Thank you for your help.

m_hutley · April 15, 2024, 8:42pm

Does the website offer the data in a json format?

(Is this not the same post you made 6 minutes prior?)

cdevl3749 · April 15, 2024, 8:53pm

I have items here https://jandjoy.com/collections/femme?filter.p.product_type=Jupes&sort_by=created-descending

and for each article I would like to retrieve the data here in json format

m_hutley · April 15, 2024, 9:00pm

Is this your website?

cdevl3749 · April 15, 2024, 9:03pm

no, I saw that it is possible via web scrapping.

I just want to retrieve data in json format

m_hutley · April 15, 2024, 9:18pm

Right, so that we’re clear, the VAST majority of websites will not legally allow you to do so.
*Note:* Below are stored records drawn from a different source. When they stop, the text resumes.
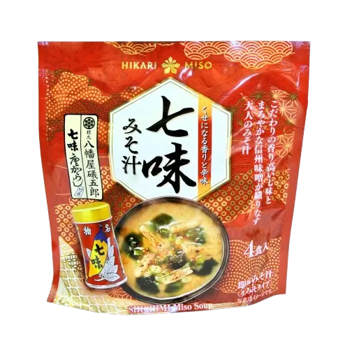 ○こだわりの香り高い八幡屋礒五郎の七味と、まろやかな信州味噌が織りなす大人のみそ汁です。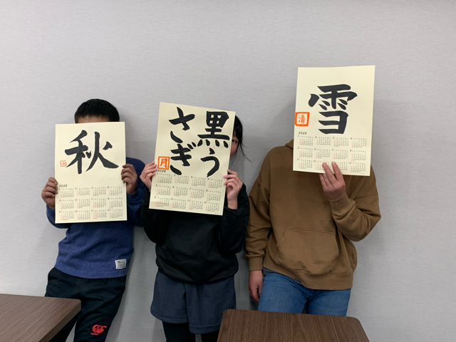 来年のカレンダーに、それぞれが好きな字を書くことでした。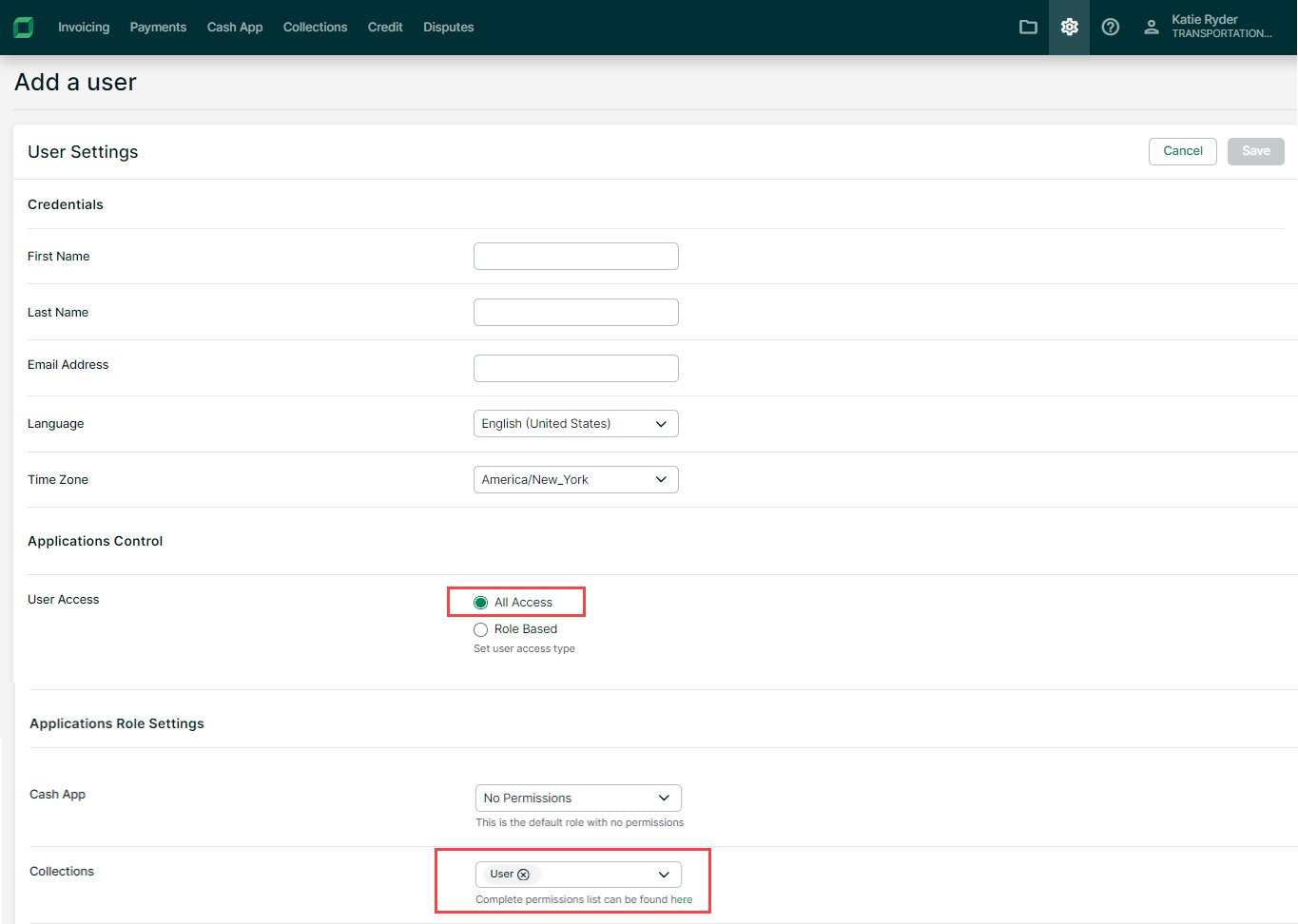 Users from the Billtrust platform will be synced to their corresponding collections platforms. Every user with All Access or Role-Based access to Collections in the Billtrust Platform will be added as a new user in Collections.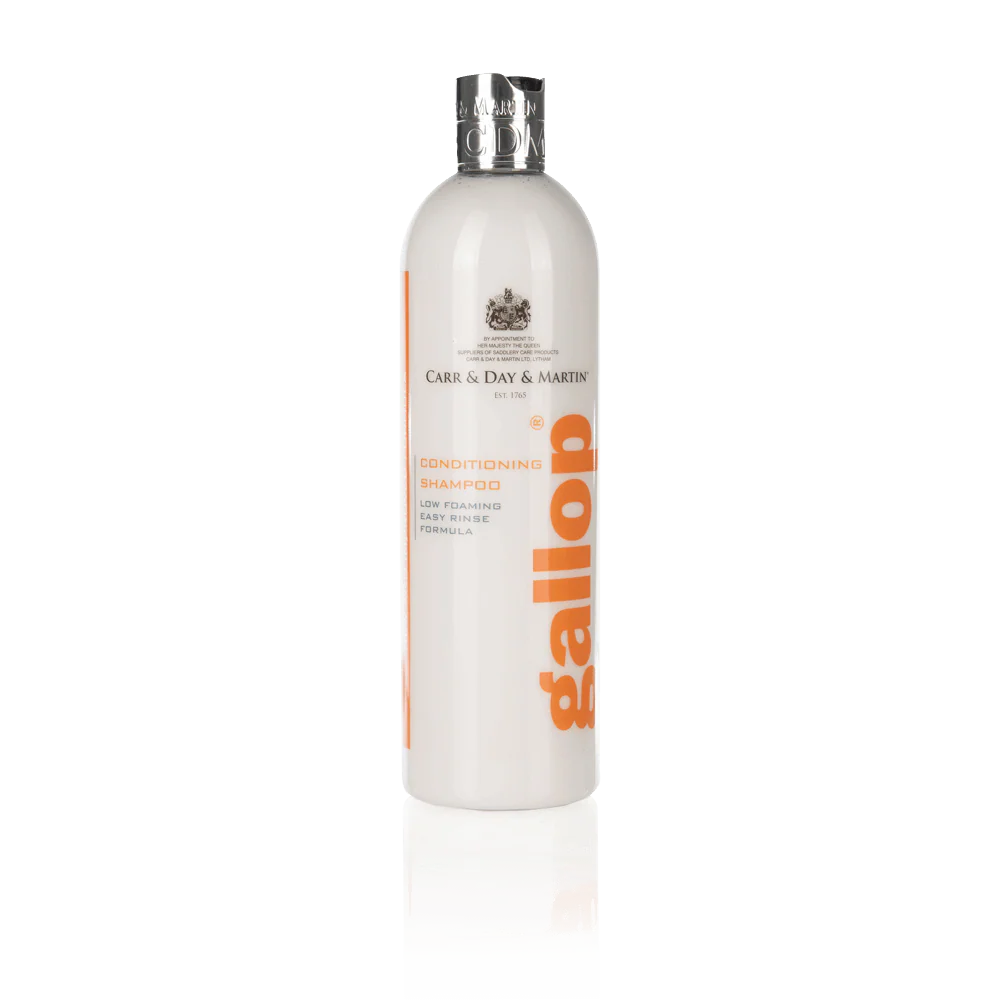 Carr & Day & Martin Gallop® Conditioning Shampoo är ett traditionellt schampo anpassat till hästens hud, som tar bort smuts, svett och fett från pälsen. Det är lämpligt för daglig användning. Det skummar väldigt lite och är därför snabbt att använda och lätt att skölja ur.

You are responsible for checking the terms and conditions of a website to ensure it’s permitted to do; you may be prosecuted if found to be violating such a restriction. I assume no liability for your actions; this is your own dangerous road to tread.

You would pull the page’s HTML, and using PHP’s functions (probably DOM functions, or string functions) to identify the products, and convert the HTML into the desired JSON format.

A cursory glance at the HTML structure tells me that the objects in question are found in html nodes with the “w-full” class.

cdevl3749 · April 15, 2024, 9:26pm

Thanks for this info.
As for the theory, I have understood my problem is that I am looking for a little tutorial on the internet to convert it into json format and the problem is that on the internet I find tutorials which explain how to work with a json file and not the other way around

m_hutley · April 15, 2024, 9:33pm

create an array of arrays, with the data from the page, and then use json_encode to turn it into a JSON string.

I can’t give you a tutorial on how to generate the JSON you want, because i dont know what JSON you want. And even if i did, frankly i’m not going to offer code in this field, to avoid said liabilities.

midnightbast · April 16, 2024, 3:20pm

You can retrieve data from a website in JSON format using web scraping techniques with tools like Python’s BeautifulSoup or Scrapy libraries. Check out tutorials on websites like W3Schools or Real Python for step-by-step guides.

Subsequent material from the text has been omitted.